Dubai: Oscar-winning Hollywood actor Will Smith didn’t begin his session at the Sharjah International Book Fair 2025 by talking about movies or fame. Instead, he started with a confession: he has been trying to reclaim himself.

“Suddenly, we wake up one day and our self-esteem depends on other people saying we’re good enough,” he told an auditorium filled with fans who had squeezed into the Expo Center to hear him speak.

“For me over the past couple of years, it has been the process of taking back my self-esteem from the world.”

That tone — introspective, vulnerable and unexpectedly philosophical — shaped his entire conversation.

The audience, who had already erupted into cheers when Smith appeared in a white shirt and warm grin, quickly realised this was not going to be a simple celebrity Q&A. It was closer to a public reckoning, one shaped by the years he described as “quiet transformation.”

At the core of that transformation was a book he didn’t initially expect to change him: his 2021 memoir Will. What he thought would be a documentation of his journey became, instead, a mirror.

The cast and crew of 'Bad Boys: Do Or Die' in Dubai. Director Bilall Falah, actor Will Smith, actor Martin Lawrence, and director Adil El Arbi

“Getting to know myself and having to be honest with myself about who I am versus who I thought I was is a humbling experience,” he said. Writing forced him into corners of his personality he’d avoided. It also gave him a new mission: “I encourage everyone to write your story. It is such an enlightening process, to use words to write what you are experiencing.”

Lessons from the Middle East

The conversation shifted dramatically when host Anas Bukhash asked about the Middle East — and Smith’s entire posture brightened. If writing taught him who he had been, this region, he said, represented who he could become creatively. “I’m really excited about the Middle East opening up,” he said. “It’s one of the only places on earth that has thousands of years of stories that hasn’t been mined on a global scale.” The actor spoke with genuine enthusiasm about collaborating with regional creatives, searching for narratives hidden in history, culture, and identity.

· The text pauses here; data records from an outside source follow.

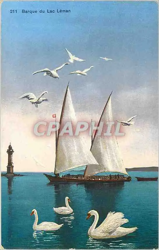 Cartes postales Barque du Lac Leman Bateau Cygnes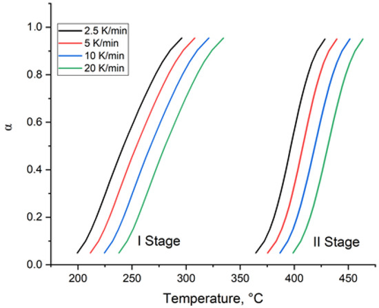 | Sample | Temperature, °C | max | ·10−6, s−1 | ·10−3, s−1 | R2 | , kJ/mol | |||||
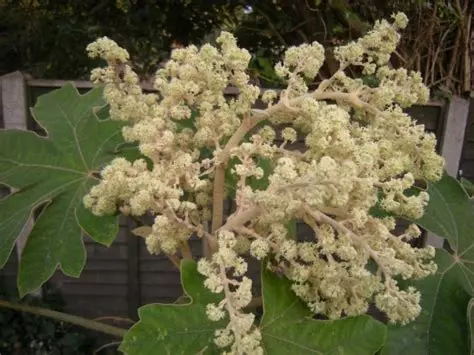 Nous ne nous attendions pas à une floraison de cet arbuste, choisi tout à fait par hasard. Nous nous étonnons déjà de la taille des feuilles, de plus en plus grosse sa croissance chaque année. Voilà vraiment une touche d’exotisme au bassin…

“To be a part of the region as it is opening, to be able to work with creatives, find stories and tell stories — that really excites me.”

Smith sees storytelling as a universal pulse. Strip away accents, religions, and borders, he argued, and human experience still beats the same way everywhere.

“There are things that are beyond race, creed, color and culture,” he said. “There are universally relatable ideas and that’s where I live and that’s where I work.” His self-described gift? “I can see the part of the story that doesn’t need language to translate.”

Despite his upbeat reflections, he did not escape a difficult question: does he feel misunderstood? Smith’s answer was instant and disarming. “We don’t even understand ourselves,” he said, to laughter and applause. “It’s almost impossible for one person to understand another person.” It was less a complaint and more an invitation — for grace, for patience, for curiosity.

Throughout the evening, he returned to a recurring theme: the hollowness of external success.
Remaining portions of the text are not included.